After prep, the method requires the in situ sequencing kit, which adds adapter probes and fluorescent labels, priced at €2,500 for the small kit and €4,000 for the large.

"This can become very expensive, depending on the number of samples you have," Swings noted.

Saxonov stressed that it's still early for in situ genomics and the firm has no timelines yet for platform development. "In situ is just an emerging field and for the most part has been done in individual research labs," he said, noting that this meant 10x does not have much competition yet.

Vizgen, a Harvard spinout commercializing multiplexed error-robust fluorescence in situ hybridization (MERFISH), developed by Xiaowei Zhuang, could be a competitor in this market. "All these technologies deal with the same thing," Aerts said. Vizgen uses a different chemistry offering high capture efficiency and high multiplexing, "but ultimately they want to achieve the same goal," he said.

"Vizgen is a more powerful technology than padlock probes," Aerts said. As reported by GenomeWeb, Vizgen claims it can measure 80 percent of mRNA in a sample.
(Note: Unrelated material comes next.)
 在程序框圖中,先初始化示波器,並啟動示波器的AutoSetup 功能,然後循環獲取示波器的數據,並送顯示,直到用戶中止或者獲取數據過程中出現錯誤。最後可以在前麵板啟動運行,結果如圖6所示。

But Saxonov said "it's still very early and not clear how much progress has been made outside of the lab where the technique was first developed."

And in situ transcriptome accessibility sequencing (INSTA-seq), described in a preprint posted to BioRxiv in August 2019 from the lab of Je Lee, a researcher at Cold Spring Harbor Laboratory who contributed to the development of FISSEQ, is another method that could soon be available. As reported by Biocompare, Lee is collaborating with Gene Yeo of the University of California, San Diego to automate that workflow.

Elsewhere, spatially resolved transcript amplification readout mapping (STARmap), developed at Stanford University, is another lab-based method for in situ transcriptomics.

Though the methods are far from perfected, they point towards a way to home in on important transcripts in single cells, or even distal parts of cells. By combining wider single-cell or spatial approaches with targeted in situ ones, "you can think about discovering new subsets of cells in the brain or tumor microenvironment," Aerts said.

Even further down the road, 10x envisions the new platform finding use in the molecular pathology lab. "The in situ form factor is a nice fit for clinical applications in the long run," Saxonov said.